La máxima solidificación de nuestro fin de siclo o edad de hierro (mezclado con barro), ha distorsionado a tal punto nuestro gusto, hasta hacer consistir la felicidad en la contemplación de hologramas apantallados.

Algo más degradante y torpe que los más demenciales fetichismos de tribus caníbales; que al menos debían lidiar con sanguinolentas mutilaciones, desgarradoras disecciones, estridentes alaridos, nauseabundos olores, pegajosos humores, bestiales estertores, incontinentes deposiciones; que después de los orgiásticos trances, quedaban como vestigios testimoniales de una humillante locura.

Hoy la insensibilidad que logran los “conocedores del bien y del mal” a través de los buscadores, ha llegado al paroxismo de la indiferencia más egoísta, hasta perder el instinto de solidaridad con otros miembros de la especie; mientras que se desviven por un perro callejero, o dan el rango de compañera a una lagartija.

Pero esta decadencia corresponde también a una ley cíclica metafísica, que tiene que ver con la realización de las últimas posibilidades: en el fondo de las frías fosas marinas o en los desiertos más áridos y ardientes, el vecindario es bastante rústico y estrambótico.

Las más oscuras tinieblas resaltan el incontenible poder de la luz.

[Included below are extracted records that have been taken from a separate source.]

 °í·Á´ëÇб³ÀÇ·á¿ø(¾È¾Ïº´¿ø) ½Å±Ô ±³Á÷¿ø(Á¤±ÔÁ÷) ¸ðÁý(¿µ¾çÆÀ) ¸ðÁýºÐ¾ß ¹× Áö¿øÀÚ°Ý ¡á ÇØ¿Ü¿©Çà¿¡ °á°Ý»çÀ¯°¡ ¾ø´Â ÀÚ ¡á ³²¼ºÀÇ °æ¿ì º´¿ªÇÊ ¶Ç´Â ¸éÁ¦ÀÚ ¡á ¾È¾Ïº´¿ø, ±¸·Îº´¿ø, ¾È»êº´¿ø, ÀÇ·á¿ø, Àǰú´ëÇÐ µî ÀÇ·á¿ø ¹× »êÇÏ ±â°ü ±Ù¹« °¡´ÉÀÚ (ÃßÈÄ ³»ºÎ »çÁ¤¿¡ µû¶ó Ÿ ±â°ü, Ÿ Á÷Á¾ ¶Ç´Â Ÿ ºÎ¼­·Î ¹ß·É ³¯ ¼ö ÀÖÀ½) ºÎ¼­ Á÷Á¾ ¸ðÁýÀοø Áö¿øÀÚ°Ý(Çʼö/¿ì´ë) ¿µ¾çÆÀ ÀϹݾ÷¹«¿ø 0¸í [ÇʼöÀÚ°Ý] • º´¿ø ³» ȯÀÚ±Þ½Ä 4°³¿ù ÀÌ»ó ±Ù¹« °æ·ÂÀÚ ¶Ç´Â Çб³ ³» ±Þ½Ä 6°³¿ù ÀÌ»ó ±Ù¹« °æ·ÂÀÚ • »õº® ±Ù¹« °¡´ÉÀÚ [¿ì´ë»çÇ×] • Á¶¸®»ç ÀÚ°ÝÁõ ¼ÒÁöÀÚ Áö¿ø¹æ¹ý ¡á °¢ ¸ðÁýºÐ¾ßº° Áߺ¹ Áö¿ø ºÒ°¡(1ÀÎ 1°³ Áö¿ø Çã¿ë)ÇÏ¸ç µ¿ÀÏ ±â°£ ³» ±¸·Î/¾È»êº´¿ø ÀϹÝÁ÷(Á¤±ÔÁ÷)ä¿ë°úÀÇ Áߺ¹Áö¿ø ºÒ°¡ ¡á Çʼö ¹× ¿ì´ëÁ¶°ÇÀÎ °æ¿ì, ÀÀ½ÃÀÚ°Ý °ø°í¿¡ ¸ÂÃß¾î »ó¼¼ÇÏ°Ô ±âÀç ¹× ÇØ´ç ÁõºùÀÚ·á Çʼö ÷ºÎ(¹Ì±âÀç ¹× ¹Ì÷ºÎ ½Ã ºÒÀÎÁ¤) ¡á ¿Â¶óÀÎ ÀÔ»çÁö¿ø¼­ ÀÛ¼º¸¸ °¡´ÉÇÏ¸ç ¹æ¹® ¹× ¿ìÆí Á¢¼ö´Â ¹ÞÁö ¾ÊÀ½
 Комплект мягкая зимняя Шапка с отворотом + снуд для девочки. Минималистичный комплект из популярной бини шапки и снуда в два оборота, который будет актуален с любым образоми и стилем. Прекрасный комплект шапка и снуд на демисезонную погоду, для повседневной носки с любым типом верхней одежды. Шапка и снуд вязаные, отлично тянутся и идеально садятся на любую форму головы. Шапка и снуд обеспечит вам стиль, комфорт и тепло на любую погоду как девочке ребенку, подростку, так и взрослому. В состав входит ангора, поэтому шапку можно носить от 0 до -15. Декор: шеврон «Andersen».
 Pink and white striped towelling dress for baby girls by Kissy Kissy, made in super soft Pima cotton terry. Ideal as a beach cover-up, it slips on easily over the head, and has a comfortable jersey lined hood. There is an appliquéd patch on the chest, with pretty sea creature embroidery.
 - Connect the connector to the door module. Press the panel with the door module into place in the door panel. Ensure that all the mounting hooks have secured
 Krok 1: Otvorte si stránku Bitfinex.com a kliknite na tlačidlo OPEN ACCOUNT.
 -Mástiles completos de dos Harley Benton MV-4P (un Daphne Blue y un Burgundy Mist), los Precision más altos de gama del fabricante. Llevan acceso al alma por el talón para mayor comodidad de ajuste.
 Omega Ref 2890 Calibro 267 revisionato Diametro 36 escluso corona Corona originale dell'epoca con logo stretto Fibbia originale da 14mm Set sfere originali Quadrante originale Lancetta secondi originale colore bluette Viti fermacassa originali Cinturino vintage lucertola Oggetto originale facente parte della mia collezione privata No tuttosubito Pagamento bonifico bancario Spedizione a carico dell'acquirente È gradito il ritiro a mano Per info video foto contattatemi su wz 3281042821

Los páramos más estériles son un excelente tálamo para el fecundo Eros.

El prestigioso cientificismo moderno ha descubierto que el hombre desciende del mono y este de la ameba. Con lo cual se ha generalizado en los ámbitos académicos la preocupación por suplir a la indefensión del nieto de la ameba con los avances tecnológicos.

Pero los resultados son más amenazadores y peligrosos que mono con navaja.

Tal vez quede una última experiencia atómica de laboratorio para que el hombre termine de entender, por achicharramiento, el fin autodestructivo de su carrera tecno-armamentística. Y vuelva (esta vez con alivio) a los orígenes, cuando después de su primer capricho megalómano, advirtió que estaba desnudo.